■ BRIEF ■
All pictures are to be skipped; retype only the lines from the top of the entries through the line with "外側は落ち着いた金属質の光沢", both included.

Stored records:
..........
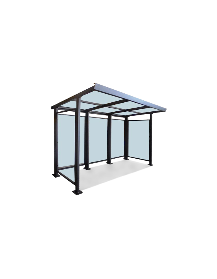 Pensilina componibile a moduli, composta da due fianchi realizzati con tubolare a sezione rettangolare.
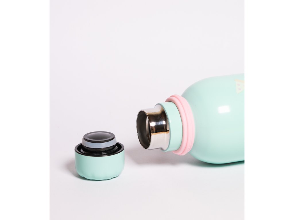 Světle modrá láhev na pití se šroubovacím víčkem inspirovaná kočkou Pusheen.
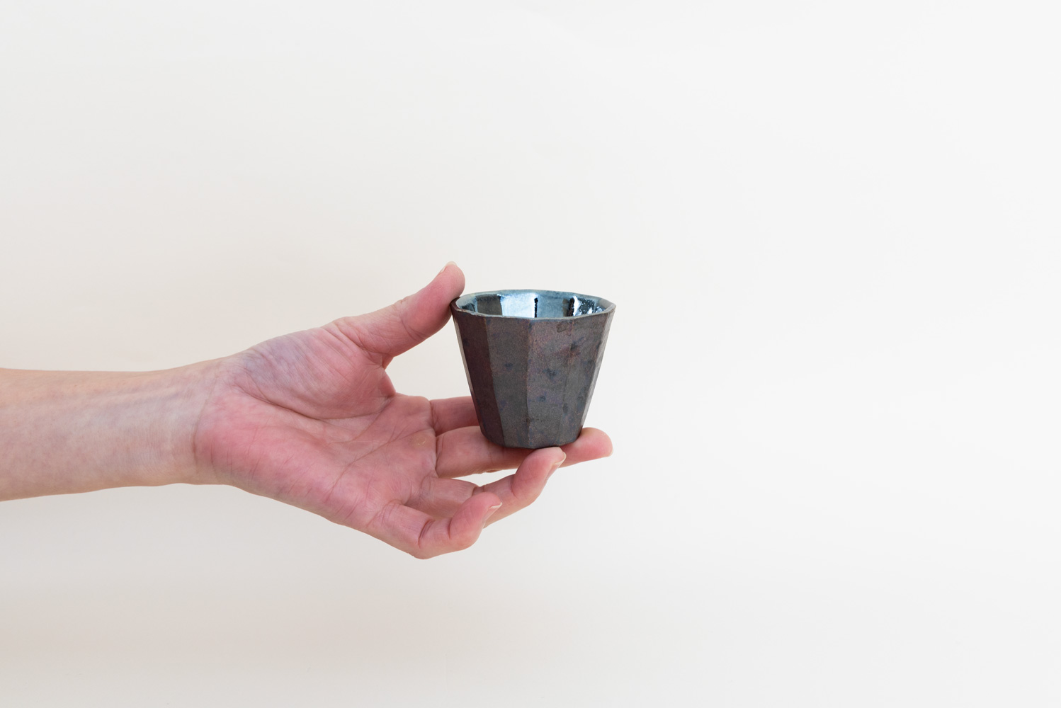 外側は落ち着いた金属質の光沢をまとい、面取りによる陰影が美しく浮かびます。内側は艶やかな釉調で、酒を注ぐとより一層表情が際立ちます。手にすっと収まるサイズ感で、口当たりも軽やか。静かな存在感で、特別な一杯を引き立ててくれるぐい呑みです。
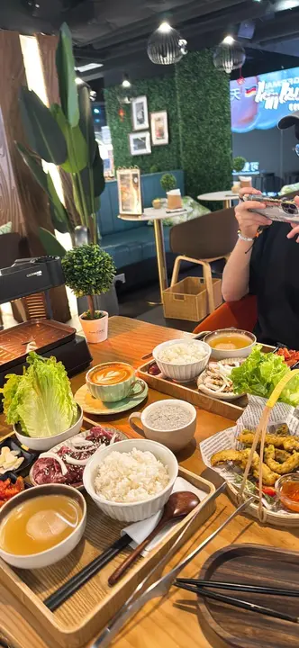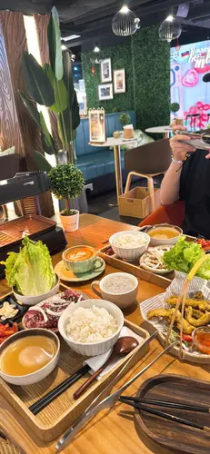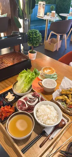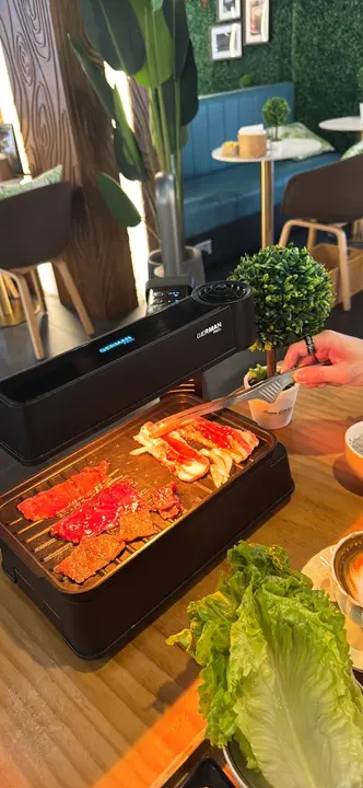 Hidden in a home appliance and cookware store, this restaurant allows you to literally test their grill machines by providing you food. You can try out their German Pool products and have a meal at the same time. This is probably one of the smartest and most innovative ideas I have witnessed so far - absolutely genius. Besides the game-changing dinning experience, the overall atmosphere was quite contrasting, as the eating area itself was kinda dark, while everything else around it (the selling section and the windows) was very bright, which for sure took a while for my eyes to adjust.Along came the food, and my gosh is it cheap. For a lunch set of Korean Barbecue Meats it only costed each person around $88-98, and they gave quite a sufficient amount of servings of pork/beef too. This is quite cheap for an average location in Hong Kong, but I guess the main goal for this establishment is to encourage you to buy their products instead of focusing on serving outstanding quality food.To start, the latte, mushroom soup, and fried calamari were insanely good. I really enjoyed the chunky bits of mushroom since it reflected the staff using freshly chopped mushrooms rather than the typical creamy canned soup you find in Campbells. The fried calamari was nice too, and its crunchiness was a great contrast to the meats we were having.The main course was not only well priced, but absolutely delicious as well. I really enjoyed the variety of side dishes we had, and I never had a single issue with using the grill despite using it for the first time. The staff took meticulous craft in the portioning of each food item, and I felt full satisfied and satiated with ever dish. The pork belly in particular was my personal highlight: well marinated, fatty, and juicy. Overall, for sure a place I will try to visit again anytime in the future, and who knows maybe I WILL BUY THAT GERMAN POOL GRILL MYSELF!!??…查看更多
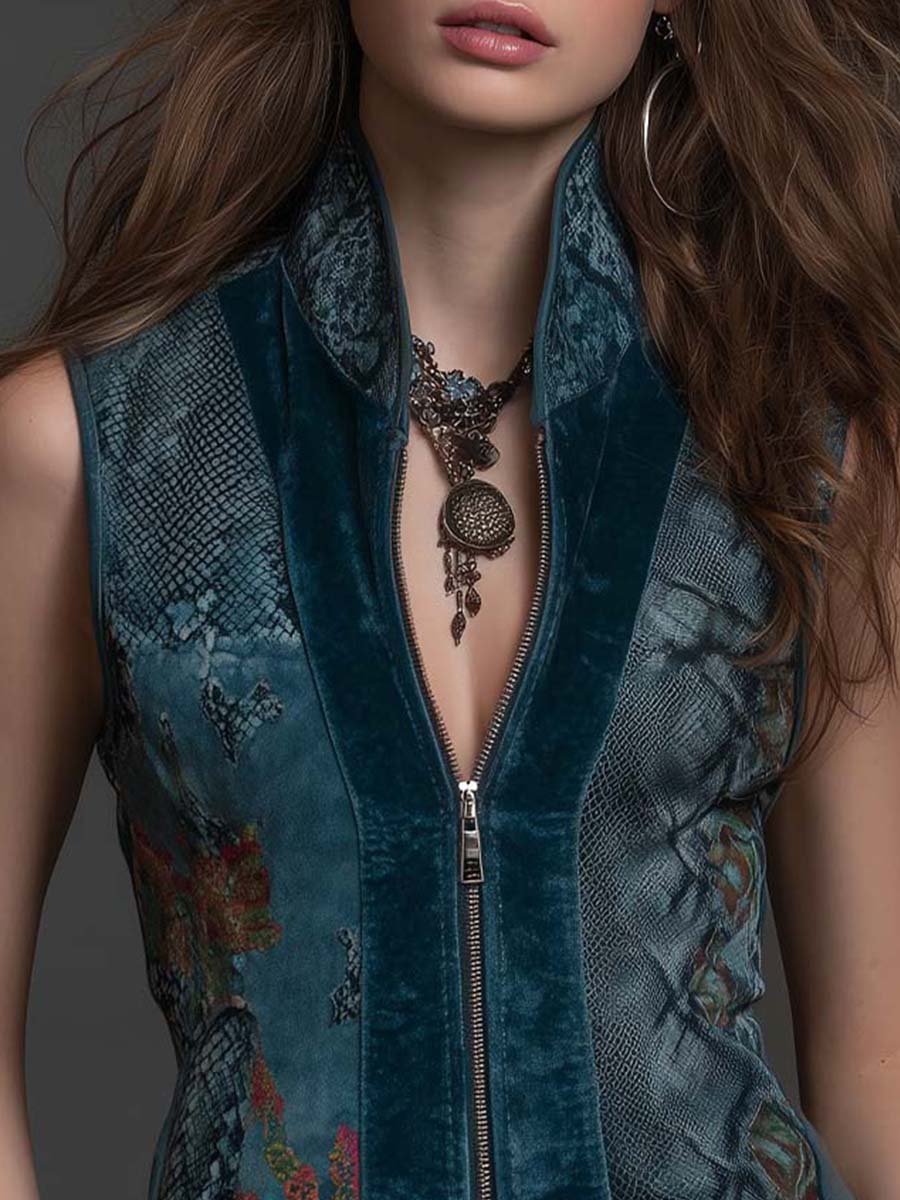 This sleeveless vest top is crafted with a polyester velvet front panel, paired with vintage-inspired printed woven side panels, creating a rich contrast in texture and depth. The velvet surface adds softness and a subtle sheen, while the printed panels bring visual complexity and a handcrafted, artisanal feel.
..........
■ REPLY TO THE EXERCISE ■
 Pensilina componibile a moduli, composta da due fianchi realizzati con tubolare a sezione rettangolare.
 Světle modrá láhev na pití se šroubovacím víčkem inspirovaná kočkou Pusheen.
 外側は落ち着いた金属質の光沢をまとい、面取りによる陰影が美しく浮かびます。内側は艶やかな釉調で、酒を注ぐとより一層表情が際立ちます。手にすっと収まるサイズ感で、口当たりも軽やか。静かな存在感で、特別な一杯を引き立ててくれるぐい呑みです。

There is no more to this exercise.